China to try Tibet rioters

China says it will put the Lhasa rioters on trial and reopen Tibet to tourism by May, underscoring the government’s drive to close the book on recent unrest well before the summer’s Beijing Olympics.

China says it will put the Lhasa rioters on trial and reopen Tibet to tourism by May, underscoring the government’s drive to close the book on recent unrest well before the summer’s Beijing Olympics.

Other Tibetan regions may remain off-limits considerably longer, however, with police in western Sichuan province barring foreigners yesterday.

China continues to blame the Dalai Lama, the exiled leader of Tibet’s Buddhists, for a bloody riot in Lhasa on March 14.

In Washington, the Dalai Lama’s special envoy told US politicians that China must bear full responsibility for recent violence and suffering in Tibet and said his homeland was being “brutally occupied”.
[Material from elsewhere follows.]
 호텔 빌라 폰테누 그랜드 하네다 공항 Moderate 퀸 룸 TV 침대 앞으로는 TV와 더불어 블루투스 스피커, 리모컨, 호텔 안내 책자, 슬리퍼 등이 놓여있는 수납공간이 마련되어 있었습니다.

“The situation today is grim,” Lodi Gyari said at a Congressional Human Rights Caucus briefing.

But China has begun portraying life in Tibet as gradually returning to normal.
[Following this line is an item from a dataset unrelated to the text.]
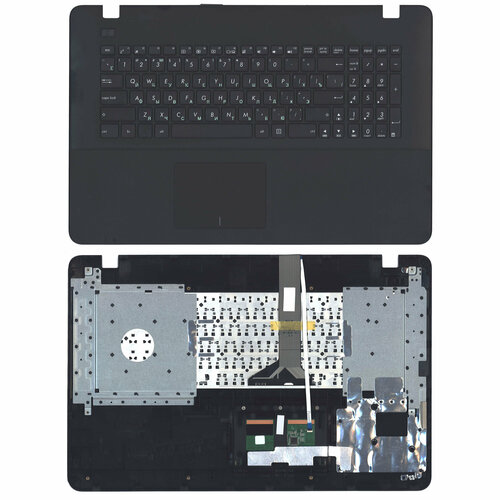 Клавиатура (топ-панель) для ноутбука Asus X751 черная с черным топкейсом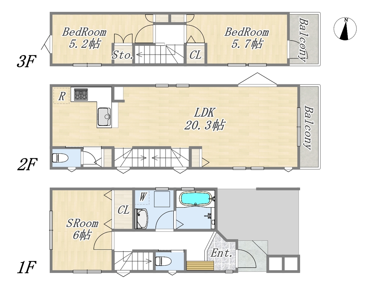 【間取り図】A号棟 2LDK+S

State television showed Chinese travellers returning to Lhasa and the regional tourism authority announced Tibet would reopen to foreign groups on May 1.

Tour operators, hotels and restaurant owners have complained of losses from the closure of the region’s borders in a massive security clampdown.

Trials for rioters will held before May 1, Lhasa’s deputy Communist Party secretary was quoted as saying in the state-run Tibet Commerce newspaper.

Wang Xiangming said about 1,280 alleged rioters were captured or turned themselves in.

Rights groups have voiced concerns over the potential abuse of prisoners and American activist John Kamm said he had submitted a list of 17 Tibetan monks who were detained on March 10 at the start of peaceful protests that turned violent four days later.

Mr Kamm, executive director of the San Francisco-based Dui Hua Foundation, said China appeared determined to defy international criticism over its Tibet policies.

“What gives me some hope is that there’s some recognition that China’s international image has taken a beating,” Mr Kamm told reporters in Beijing.

Beijing has sent thousands of police and paramilitary troops into Tibet and neighbouring Tibetan areas to maintain an edgy peace, hunt down protest leaders and surround Buddhist monasteries in Lhasa.

Police manning a checkpoint stopped reporters trying to enter Aba prefecture - state – yesterday, a primarily Tibetan area in Sichuan province.

At a news conference in Beijing, Aba’s deputy chief Xiao Youcai, said life was “completely normal” in the area, but that it was “too dangerous” for foreign journalists.